What you say about black and white (and silver, for that matter) is correct. Even worse, though, are some of the MPC colours, like Yellow and Red; those are hard to see details on, and they tend to change the colour of any primer you put on them; there's always a bit of 'bleed' it seems!


----------



## djnick66 (May 2, 2008)

I like light grey or light sand/tan. The newer, lighter, olive that Tamiya uses is not bad either, at least compared to the old black olive in their 70s kits.

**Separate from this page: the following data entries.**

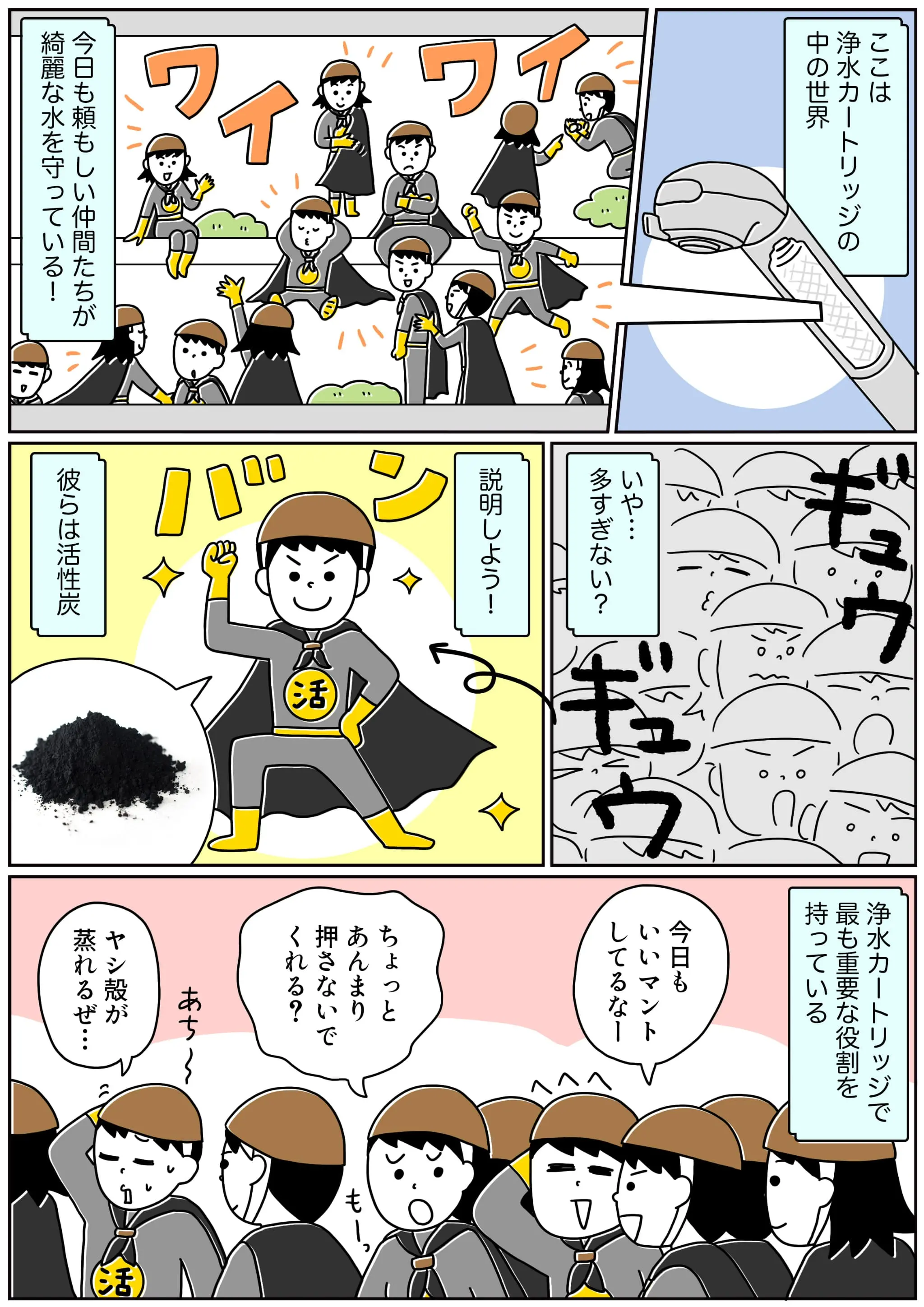 浄水カートリッジにまつわるクイズに答えると100Ptをプレゼントします!答えのヒントはマンガの中にあるので、漫画を読んてクイズに挑戦してください!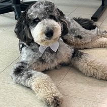 Ryker has been an excellent addition to our family and has already positively impacted our lives and the lives of several children and adolescents. He is currently training to become a school therapy dog, and his calm, affectionate nature makes him perfect for the role. We couldn’t be happier with him. We highly recommend Nottingham Aussiedoodles to anyone looking for a quality breeder and a loving, well-socialized companion.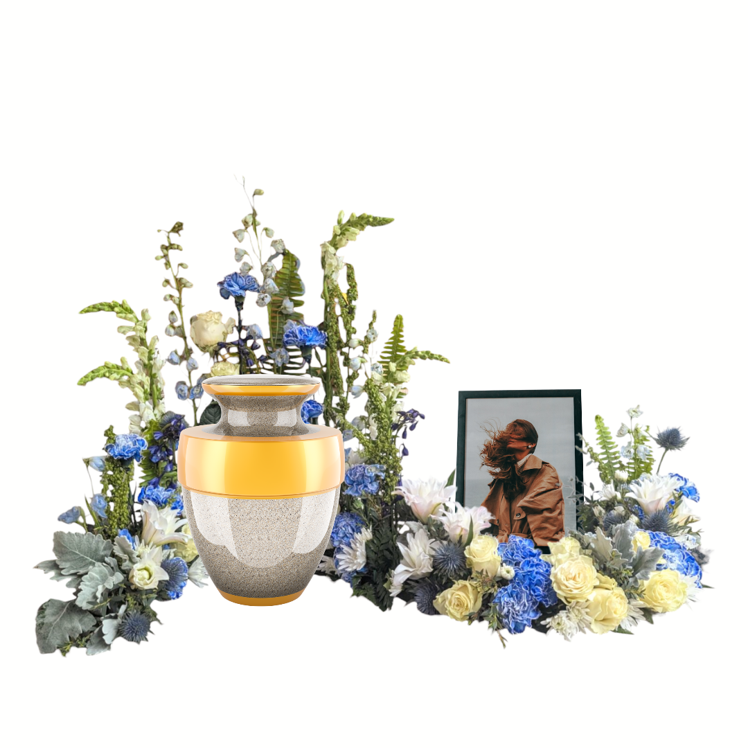 The meaningful urn arrangement is designed so that there are line flowers in the back of the arrangement presenting the urn and lower flowers around the front so that any design on the urn is visible. The fresh flowers to note in this arrangement are: snapdragons, roses, with both button and spider mums. This arrangement is also available in separate color combinations.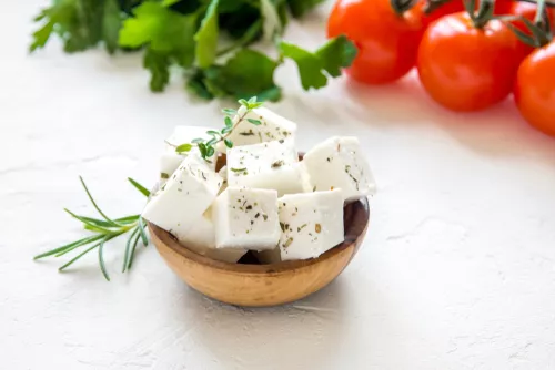Feta is een echte Griekse kaas die wordt gemaakt van schapen- of koemelk. Mag best pittig smaken. De Grieken eten het op elk moment van de dag. Kies een stevige feta om te grillen, dan smelt hij niet volledig. Feta heeft nogal een hoog vetgehalte, dus best niet mee overdrijven.
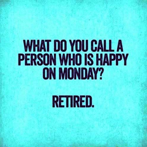 Funnily enough, I saw a different one on the same subject that day…the other one had some swear words in it though…lol. I’m not retired, but my husband is & he is much happier on a Monday than I am!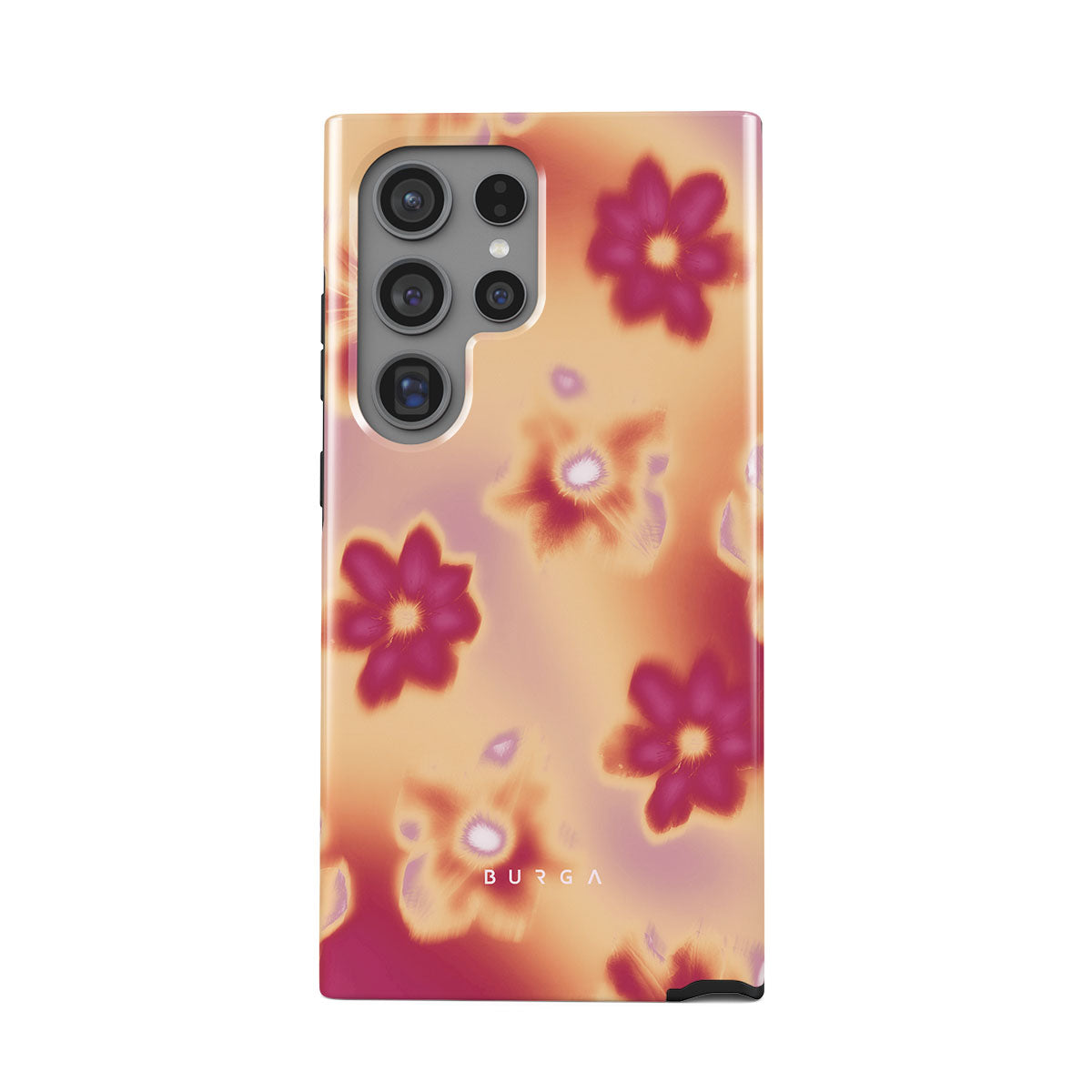 Get lost in the allure of our Divine Samsung Galaxy S24 Ultra phone case design. Picture blossoms bathed in fiery hues of pink and orange, each seemingly charged with life's raw energy. Set against a canvas that radiates power and warmth, these flowers offer more than just beauty; they resonate with the essence that binds us all.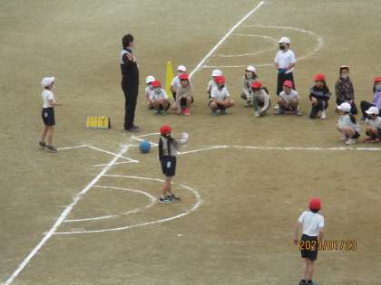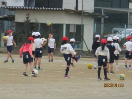 今日の校庭は一段と寒いのですが、準備運動でたくさん動いて体をあたため、サッカー型の活動をがんばっています。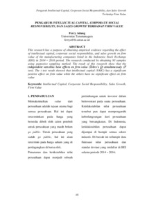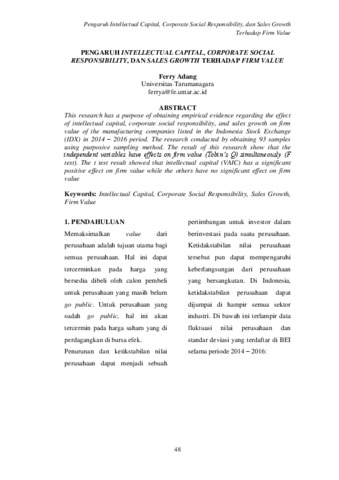 ferry Adang, Ferry Adang (2019) Dokumen B.3 Ferry Adang. Pengaruh Intellectual Capital, Corporate Social Responsibility, dan Sales Growth Terhadap Firm Value, 6 (1). pp. 48-75. ISSN 2338-1132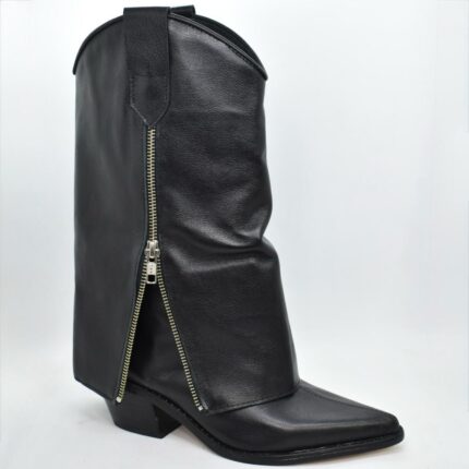 Texana de cuero vacuno, caña larga de 30 cm aprox con dibujo bordado. Punta fina, taco revestido en folia con una altura de 6 cm. Marca Adesso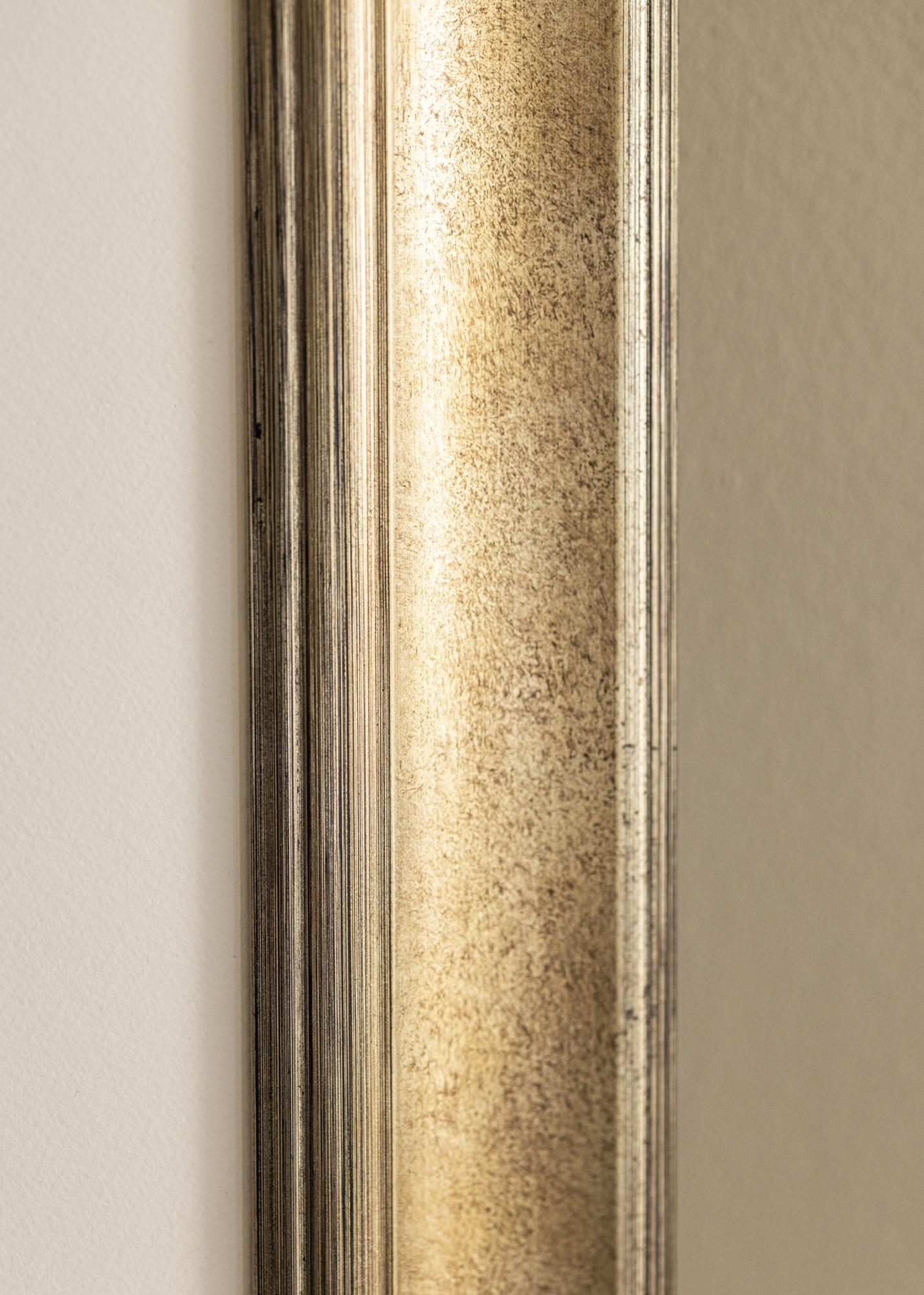 Plonos linijinės dekoracijos palei kraštus prisideda prie rėmo elegantiškos išvaizdos, o šepečiu gludintas paviršius su subtiliais spalvų pokyčiais išryškina jo gylį ir struktūrą. Tamsiai sidabrinė tonacija sukuria klasikinę ir nesenstančią atmosferą, kuri tinka daugumai interjerų stilių.

The trouble too with unpainted plastic is that it always looks like plastic. I had an old Revell car 57 chevy body in nice, opaque, black plastic. I spent hours and hours polishing it until it had a mirror like, flawless, finish... yet it still looked like plastic, somehow. Plus you could see some mold sink marks on the hood that just killed any realism. Plastic just looks like plastic. And a lot of colors like red, yellow, etc. especially today, are translucent. At least back in the 60s they used better quality plastic, more dye, and kits had thicker parts.


----------



## scotpens (Sep 6, 2003)

djnick66 said:


> And, as cool as the multi colored plastic is "in the box" an unpainted plastic model, no matter how many colors it comes molded in, still looks like plastic.


And plastic with metallic pigment in it always has swirls and flow marks from the molding process. That's acceptable for a toy, but not if you want to build a model that's even halfway realistic.


----------